Piloty had an impressive chemical pedigree. He married the daughter of Nobel Laureate Adolf von Baeyer, and was also the brother-in-law of heterocyclic compound expert Ludwig Knorr. He received his doctorate with Nobel Laureate Emil Fischer and became a professor of inorganic chemistry at the University of Munich, where he became an expert in natural pyrroles. After volunteering to serve during World War I, he died of a gunshot wound during battle.

CONFERENCES

A Bit Of Chemistry In The Old Southwest

Since 1997, Mesilla, the historic section of Las Cruces, N.M., has been taken over once a year by a small gang of chemists. They crowd into a Southwestern-themed bed and breakfast, ready to exchange ideas against the backdrop of the Organ Mountains.

The Mesilla Chemistry Workshop, as it's called, was founded by William L. Hase, Welch professor of chemistry at Texas Tech University, Lubbock, who attended the University of New Mexico, Las Cruces, and retained a fondness for the area. So when he decided to start a conference, he thought Mesilla was the perfect venue for sparking intellectual discourse.

Hase modeled the conference after the Telluride Workshop held in Telluride, Colo. The format encourages top scientists in one area of chemistry, who might not otherwise come together, to talk freely with each other. More than one participant has remarked that Mesilla embodies the original intent of the now sometimes unwieldy Gordon Research Conferences.

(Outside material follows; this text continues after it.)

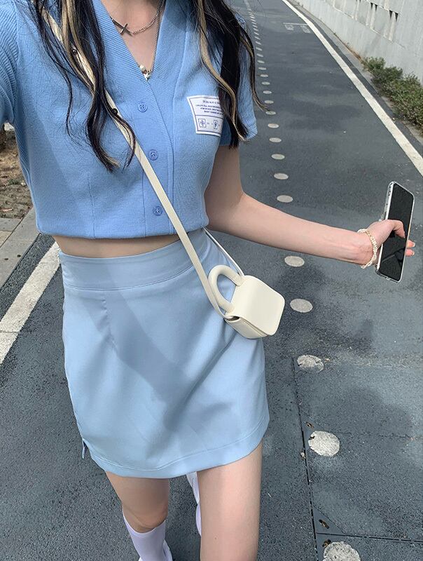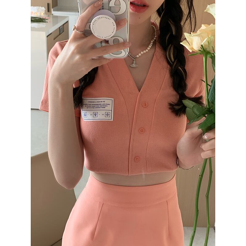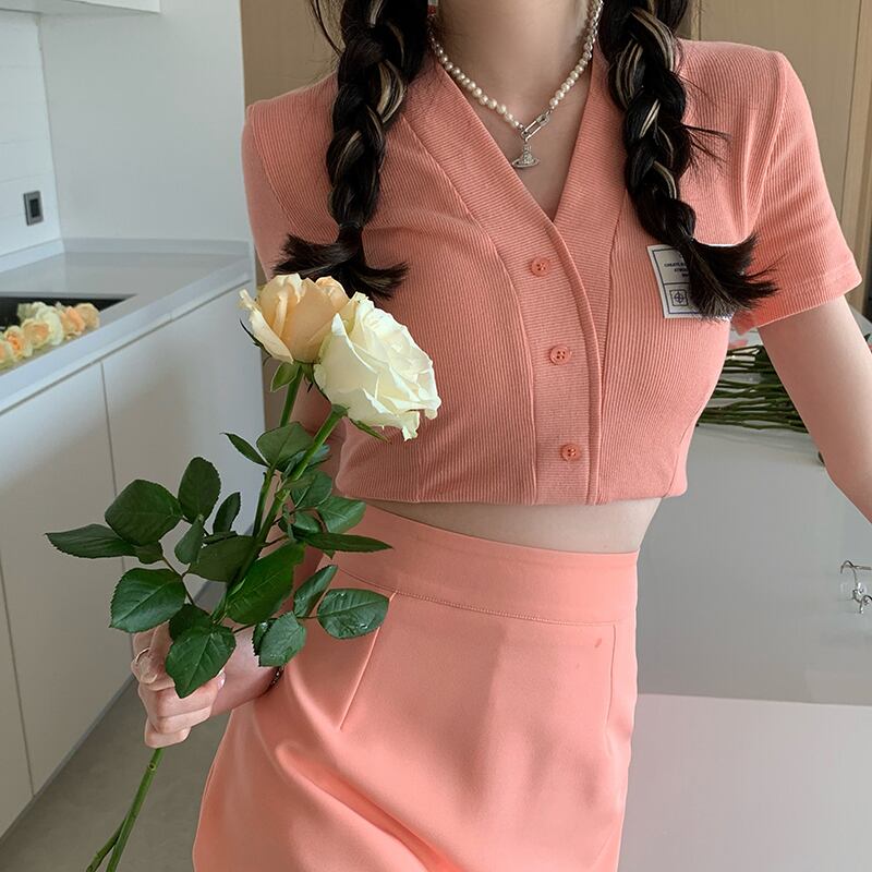 レディースサマーVネックショートトップス スカート 大人ガーリー スウィート キュート カジュアル 夏物 フラワークラフター75790279417

Past topics at Mesilla have included enzyme dynamics, environmental chemistry, and asymmetric catalysis. This year, the focus was on nitric oxide chemistry. Next year, the topic is space chemistry, with an emphasis on results from the NASA Cassini-Huygens mission to Saturn.

Echoing the sentiments of many of his fellow attendees, University of California, Los Angeles, professor Jon M. Fukuto said, "It's the best meeting I've ever been to."